Was kann ich nun machen? Wurde die bestandene Prüfung irgendwo (Gemeinde, ...) hinterlegt? Vielleicht sogar im Fischereiverein?


----------



## antonio (15. April 2009)

*AW: Fischereischein verlegt (Niedersachsen)*

der schein ist ansich nicht so schlimm das prüfungszeugnis ist wichtiger in nds.

antonio


----------



## wuerg (15. April 2009)

*AW: Fischereischein verlegt (Niedersachsen)*

An dieses Zeugnis kann ich mich gar nicht mehr erinnern.
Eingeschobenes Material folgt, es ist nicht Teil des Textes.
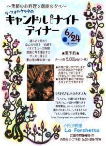 本日のディナーは貸切となります 公開日: 2017年6月24日更新日: 2017年6月25日著者: WEB担当 Mカテゴリー: イベント 本日6/24(土)はキャンドルナイト開催につき、貸切となります。 ご了承くださいませ… 関連記事 ミニバンキャンピングカーと移動販売お花屋さんがフォルケッタにやってきます🚚♪♪ GW最終日5/7土曜5/8日曜にフォルケッタのお庭に可愛い可愛いキャンピングカー(レンタカー)の展示会とお花屋さん(ちょうど母の日)がやってきます🚚 11:00~14:30頃まで どうぞお気軽に見にいらしてください♪♪ […] 公開日: 2022年4月30日更新日: 2022年4月30日著者: La Forchettaカテゴリー: イベント 🎁🌟クリスマスディナー🎅🎄 今年はクリスマスディナーを土日に設けました。そのためお日にちは、12/21(土)と12/22(日)になりました😊 少し早めのクリスマスですが、ごゆるりとお楽しみ頂けたらと思います♪ ご予約お待ちしております❣️ 公開日: 2024年11月10日更新日: 2025年3月2日著者: La Forchettaカテゴリー: イベント 🎄🧸🎁︎ ̖́-フォルケッタのXmasディナー2023🍽🍷✨ 1年に1度のクリスマス🎅今年もフォルケッタで、ステキな夜を過ごしませんか? 22(金)、23(土)、24(日)の3日間、スペシャルティナーをご用意致しました✨️🍽🍷✨ なんと最終日の24(日)は、iora Caravan […] 公開日: 2023年10月22日更新日: 2024年5月3日著者: La Forchettaカテゴリー: イベント この投稿へのコメント コメントはありません。 コメントを残す コメントをキャンセルメールアドレスが公開されることはありません。 ※ が付いている欄は必須項目ですコメント ※ 名前 ※ メール ※ サイト 次回のコメントで使用するためブラウザーに自分の名前、メールアドレス、サイトを保存する。 Δ この投稿へのトラックバック トラックバックはありません。 トラックバック URL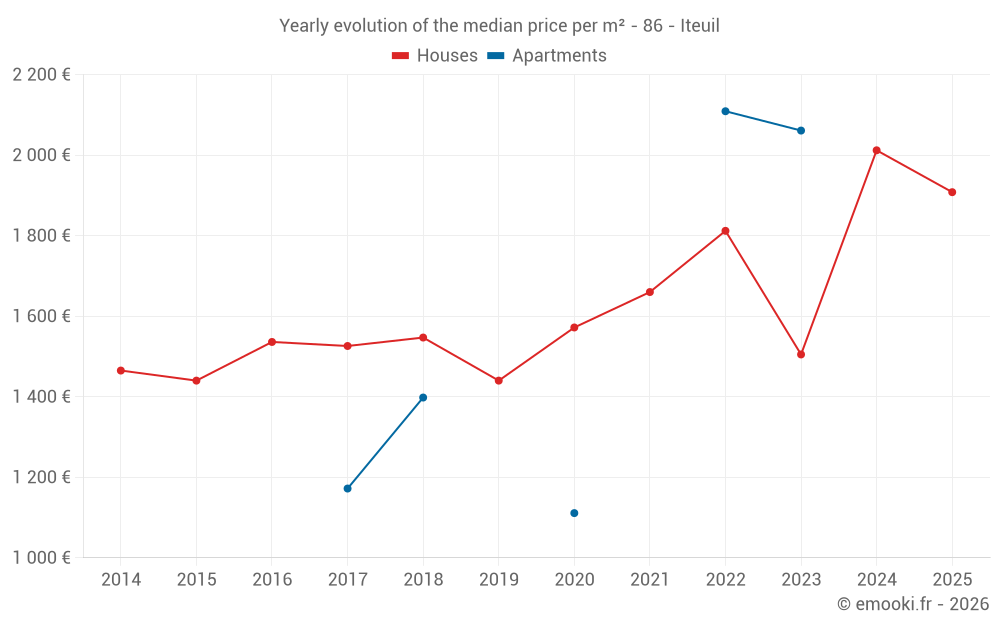 The median price on the 28 house transactions of the last 12 months in the municipality of Iteuil was 1 969 € per square meter for a median property value of 173 250 €. Over this period, 60% of transactions were between 1 620 and 2 353 € per square meter (from the 2nd to the 8th deciles).
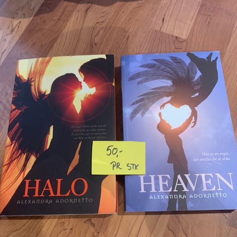 Alexandra Adornetto Heaven bog på engelsk. Paperback-roman i fantasy-/ungdomsgenren om engle og kampen mellem godt og ondt. Bogen er en fortsættelse i serien, der også omfatter titlen "Halo". Teksten er på engelsk og egner sig til læsere af YA-fantasy og romantiske fantasyfortællinger.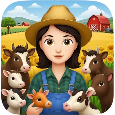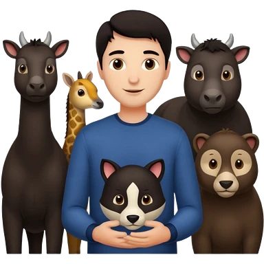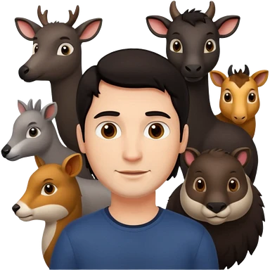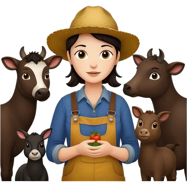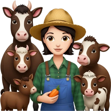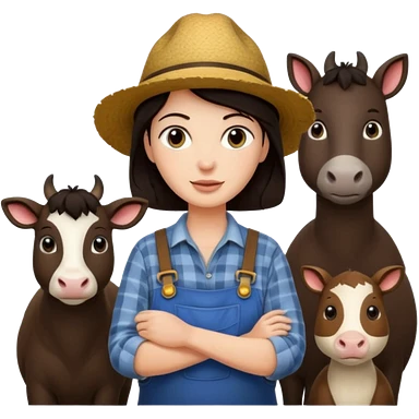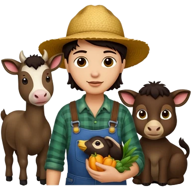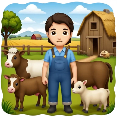 GRANJERO PIEL CLARA Y PELO OSCURO CON ANIMALES A SU ALREDEDOR emoji
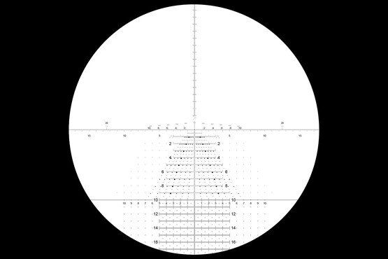 The Horus T-3 reticle on this optic is a simplistic but effective MILRADIAN reticle that places markings at one mil increments primarily below the horizontal crosshairs. This type of reticle clears the top half of the sight from clutter, making it easier to keep your focus on the target while setting up the shot. Whether you shoot at distances in your comfort zone or like to shake things up a bit with a more extended range shot, a Horus T-3 reticle and its hold-off capability will help you acquire and hit the target even in chaotic wind environments. Another fantastic feature of the T-3 reticle is that you can rely on the mil markings of the reticle to move from one target distance to another without having to ratchet your elevation turrets to the breaking point.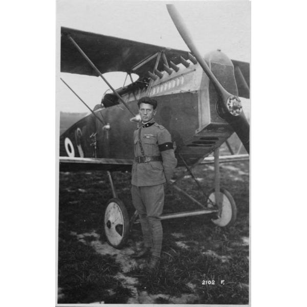 Veneto - Due Carrare - San Pelagio - campi di aviazione - velivoli - aerei - S.V.A. - squadriglie - Serenissima - Raid su Vienna - piloti - aviatori - Locatelli - 1918, Veneto, campo di aviazione di San Pelagio, comune di Due Carrare, il tenente Antonio Locatelli davanti al suo velivolo

Außerdem ist mir nichts dergleichen beim durchwühlen meiner Unterlagen in die Hände gekommen.


----------



## antonio (15. April 2009)

*AW: Fischereischein verlegt (Niedersachsen)*

dann frag mal da nach, wo du die prüfung gemacht hast, eventuell haben die noch ne kopie vom prüfungszeugnis oder wie das ding bei euch heißt.

antonio


----------